"What are you doing?" I asked.
Our oldest child, Beatrice, deftly swept the tea bag back and forth across the paper. "A special project," she said.
"Are you painting with the tea bag?" I asked rhetorically. Of course that was what she was doing.
"Yes, I am."
"Very cool."
She then explained to me how once the paper dried, she would pour rice onto the paper and trace around whatever shapes it made.
"What's it going to be?"
Bea smiled. "I'll show you later."
I couldn't wait. She's been into art since she was little and has become quite the artist. Yes, that's easy for me to say, being her proud father who loves her and who is biased, but she really has a unique eye. Nearly every day after school she's sketching and drawing, and nearly every night before bed she's sketching and drawing. She prefers pencil and ink, but has worked in different mediums over the years.
She recently drew a self-portrait, which I wish I could share, but she didn't want me to. She beautifully captured the awkward unsureness of a teenager, while at the same time, a calm and confident determination centered inside the adolescent maelstrom. That is one thing we've worked hard to help instill in both our daughters, and it really did emanate from her self-portrait.
Back to her latest artwork -- she poured rice onto the dried tea-stained paper and traced the seemingly random shapes the rice created on the page.

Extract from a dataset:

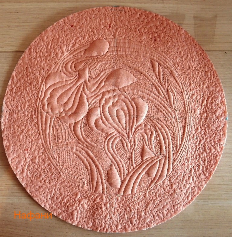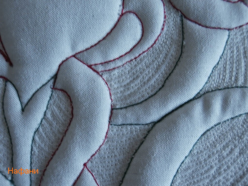 Прошлась цветными нитками по контурам. Вырезала синтепон из ненужных мест, прошлась сплошной стежкой между выпуклыми деталями.

"What are you doing?" I asked.
"Something," Bea said.
I couldn't wait to see what she'd do with it, although I did ask her not to make a mess, and to clean up the ultimate mess she would make. C'mon, I'm Dad.
Beatrice finished her latest piece of artwork and shared it. It was an imaginative map of a fantastical land, something I used to do after reading Lord of the Rings when I was her age. Except hers came from a spontaneous idea of drawing random shapes around rice on paper and then making it all up in her head.
Creative learning and expression are so important to our family. Especially through music, art, and meditation. Both Beatrice and her sister Bryce love art. Bryce is also now in musical theater and loving it. Amy is an avid puzzle person and meditates regularly to keep her brain and spirit sound and in shape. I meditate as well along with drumming. These learning quests began in earnest during the first year of the pandemic and haven't let up.
That's because creative learning through music, art, and meditation helps us all process life and map its endless possibilities, even when it seems like there aren't many. These mental maps are the creative expressions from learning and experience that empower us keep us magically elastic and living our best lives. Our latest meditative mantra was also "my life unfolds in divine order." Amen to that. Keep the maps coming, Beatrice.